Brazil central bank says policy horizon unchanged after market confusion
Brazil's central bank kept the policy horizon unchanged after a bout of market confusion, leaving the Selic base rate at 14.25% and refusing to lock in a direction for the August Copom meeting.

The numbers that matter
Copom cut Selic by 25 basis points at the prior decision, taking the benchmark from 14.5% to 14.25% annualized. The Pre-Copom Questionnaire (QPC) released on June 24 shows the widest split among economic analysts over the committee's next steps since December 2025. For the August meeting, 58% of respondents now recommend a pause. Within that group, three firms call for additional tightening. 54% had supported the prior 25bp cut.
That divergence is the story. Copom has not faced this sharp a divide among surveyed analysts since it began telegraphing the easing cycle in March.
The signal behind the silence
The committee's minutes lean hawkish on inflation and dovish on commitment. Copom raised its IPCA consumer price projections and stated that the probability of inflation exceeding the target exceeds the probability of undershooting it. It declined, however, to specify a path for the next decision.
This is the core problem. A central bank that refuses to commit transfers pricing uncertainty to the market. Every non-commitment gets read as a coded signal. The QPC history supports the read: the December 2025 survey showed 53% favoring a hold at 15% for the January meeting. By January itself, 74% recommended an unchanged benchmark while 97% expected Copom to leave rates flat. The market consistently prices the dovish tail of any committee statement, and Copom's silence has historically been interpreted as bias toward cuts.
The cost shows up in dispersion. Without a firm reference point, scenario weights widen and intraday volatility on rate-sensitive assets amplifies. For Brazil-listed equities and local-rate funds, that translates directly into wider swings on the front end of the yield curve and in currency-linked exposures.
What we watch next
- The August Copom statement. Concrete guidance on the terminal rate ends the split; absence extends it.

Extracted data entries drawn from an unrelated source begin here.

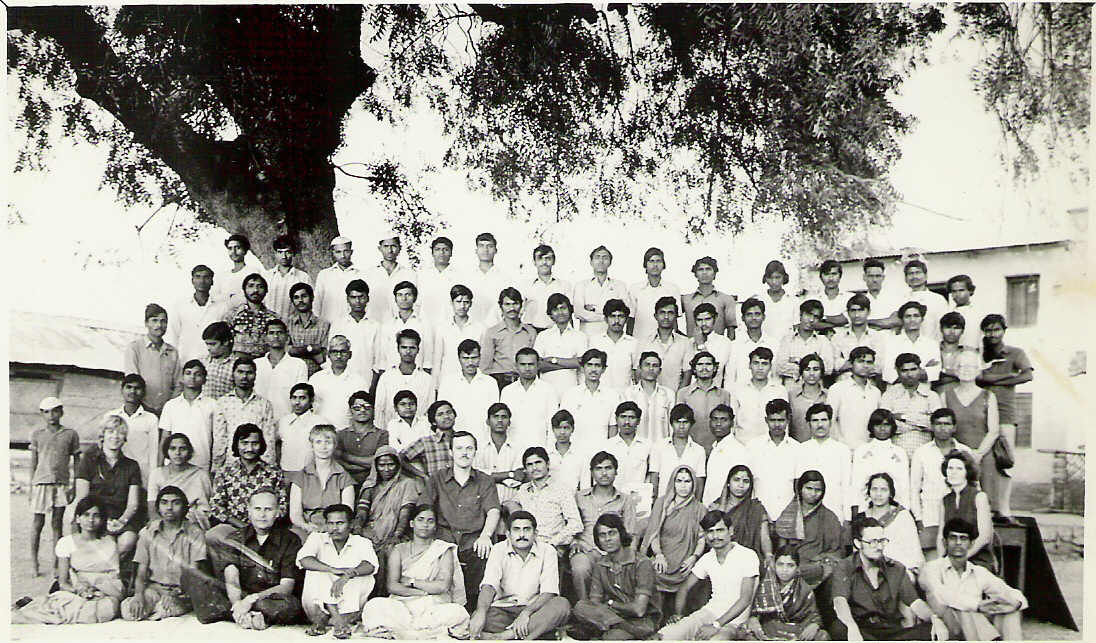The team that arrived in Maliwada village on September 1, 1976 struck me as the most impressive I had ever seen us assemble. Not too surprising--a large part of our future appeared to be riding on what we were charged with making happen in this unfamiliar part of our world. We took up residence in what we called the Castle--an old abandoned building said to be haunted that the village gave us the use of. While we worked on preparing the training materials for the first school, villagers were constructing in the heart of the community the facility where we would house, feed and train hundreds of Maharashtran men and women in a series of eight-week classes over the next several years. One month later, on October 2nd--Gandhi's birthday and a national holiday in India--the school officially opened. These are a few pictures that capture a small part of what was happening then and over the next two years, during which time our family lived in the Castle, and Roxana and I helped to lead the Human Development Training School.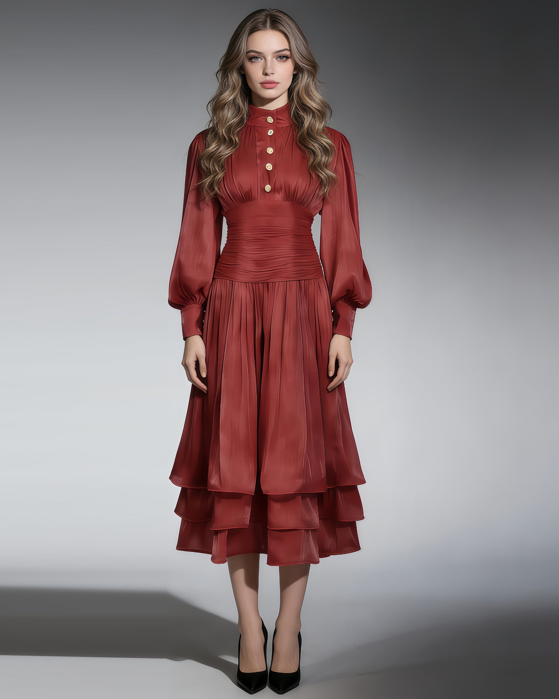 A romantic midi dress: high neckline + ruched waist + bishop sleeves + tiered hem.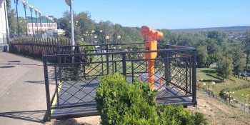 12 сентября 2025-го года В Могилеве вблизи лестницы в парк в Подниколье установили стационарный бинокль. В бинокль видны дома за Днепром, как будто в паре метрах от вас. Можно рассмотреть лица людей, которые с лестницы кажутся точками.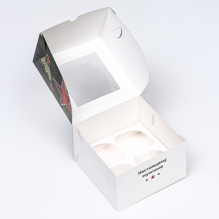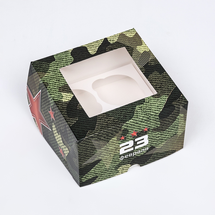 Коробка для 4 капкейков с окном , "Камуфляж", 16 х 16 х 10 см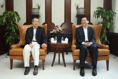 (俞偉景董事長與交大黨委書記姜斯憲在徐匯校區總辦公廳會面)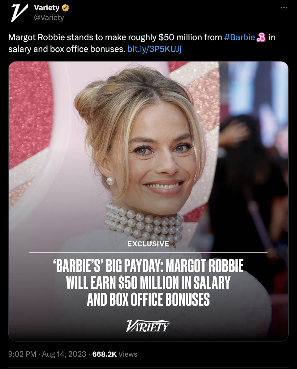 Insgesamt hat „Barbie“ fast 1,2 Milliarden Dollar eingebracht. Margot Robbie bekommt davon stolze 50 Millionen Dollar!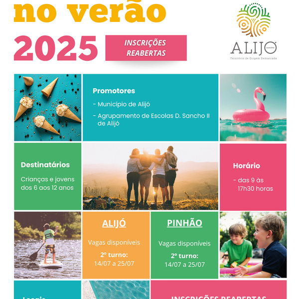 O Município de Alijó informa que foram reabertas, até ao dia 06 de julho, as inscrições para o 2.º turno do programa MOVE(te) no verão, a decorrer entre os dias 14 e 25 de julho, em Alijó e no ...02 Julho 2025 -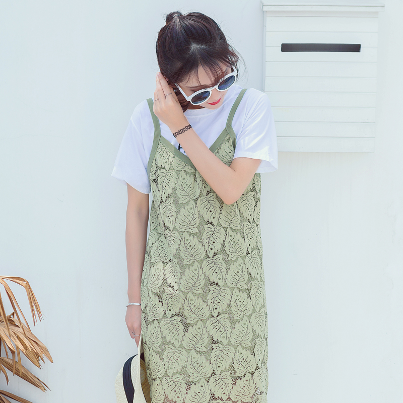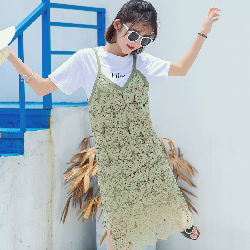 蕾絲吊帶連衣裙女夏裝新款女裝韓版修身學生鉤花小清新裙子潮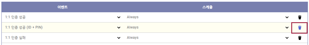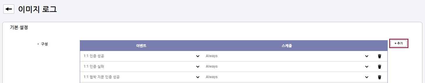 기존에 설정한 이미지 로그의 이벤트와 스케줄을 삭제할 수 있습니다.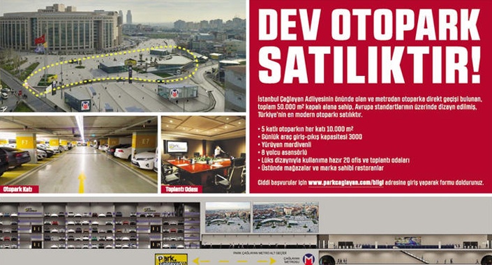 Butik bir AVM ve toplantı odaları ve cafelerin de bünyesinde olduğu otopark için “Türkiye’nin en modern otoparkı satılıktır” denildi.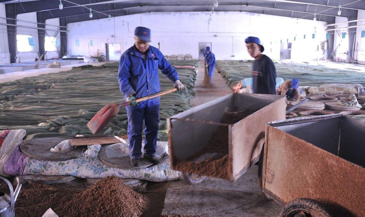 这时候我们还得根据有机肥的配方来调配,将粉碎后的牛粪混合物与其他无机肥料和添加剂充分混合均匀。
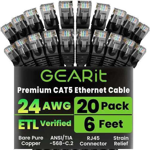 GearIt 20-Pack, Cat5e Ethernet Patch Cable 6 Feet - Snagless RJ45 Computer LAN Network Cord, Black

- IPCA prints against the updated projection track. An upside surprise forces the tightening tail of the 58% to gain share.
- Selic-linked derivatives and front-end yield pricing. These reprice the pause-versus-cut probability faster than equity flow data.

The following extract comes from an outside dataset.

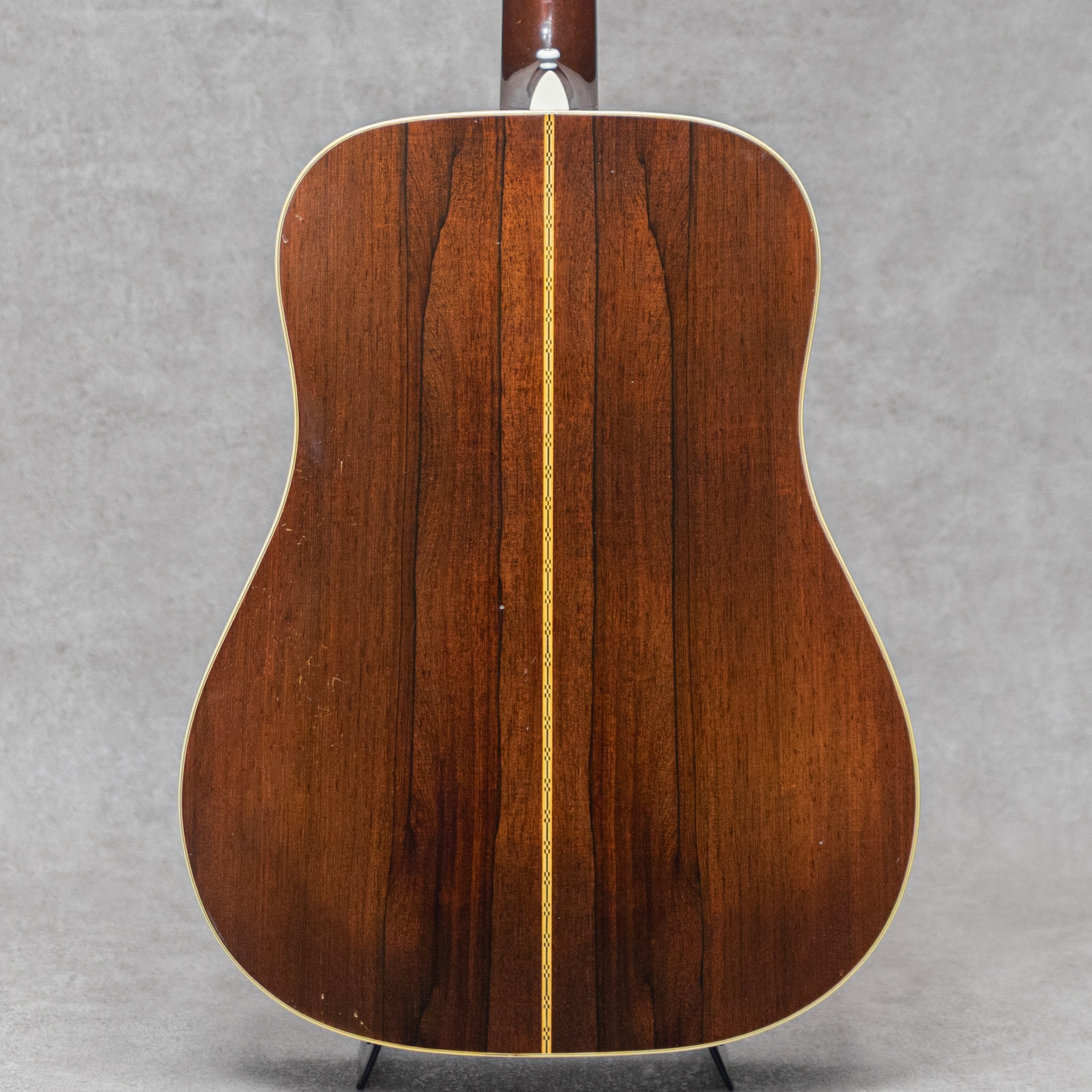 マーチンギターの中で最も有名なモデル"D-28"。現在同様の14fジョイントのドレッドモデルとして1934年に誕生してから、時を超え今もなお愛されるワールドスタンダードモデル。本器はハカランダ期の1962年製Vintage品。スプルーストップ、美事なスパイダーグレインの柾目ハカランダサイド&バック、マホガニーネック、エボニー指板&ブリッジ、ロングサドル、パテント入りミルクボトルグローバーペグ、ハカランダ天神板、MOP指板ドット、マルチプライバインディング、べっ甲柄セルロイドピックガード、スチールTバーロッド、スモールメイプルブリッジプレート、ノンスキャロップドXブレイシング。この時期ならではの丸みの強い小振りなヘッドシェイプがクールな本器。よく乾いた抜けの良い立ち上がり、パンチのある力強く快活なサウンド。歯切れ良く、どもらずにスッと出てくるアタックはよく弾かれ経年したオールドならでは。"D28"の良さを存分に味わえる良いエクセレントコンディション&グッドサウンドの1本です。使用に伴う若干の打痕や小傷は否めませんが、ノークラック&オリジナルフィニッシュを保った本器。マーチンクラックも若干の変形はあれど割れは見られません。ネック裏にはカポ痕や小傷が見られますが、ネックコンディションもとても良くしっかりと持ち弾きやすい弦高。骨太でコシのある伸びやかなトーン、爪弾けばきらびやかに、そしてかき鳴らした時のパンチの強さは得も言えぬ心地良さ。決して金属質で耳を突く音色でなく、60数年間、タップリと弾き込まれてきた事を想像させてくれる熟れた響きです。ここ最近ヴィンテージの価格高騰もあり、お目にかかりにくくなってきているハカランダD-28。しっかりと弾きながらの所有をお考えの方には是非チェック頂きたいオススメの1本です。ハードケース付属

- Local currency swap rates. The swap curve moves before equity funds reprice the macro view.
Verdict: Copom's communication strategy widens dispersion but does not yet shift the base case. The data still supports a pause; the silence is not a commitment. We rate positioning into August as "hold," with elevated tracking error against any Brazil-rate-sensitive fund until the committee removes the ambiguity.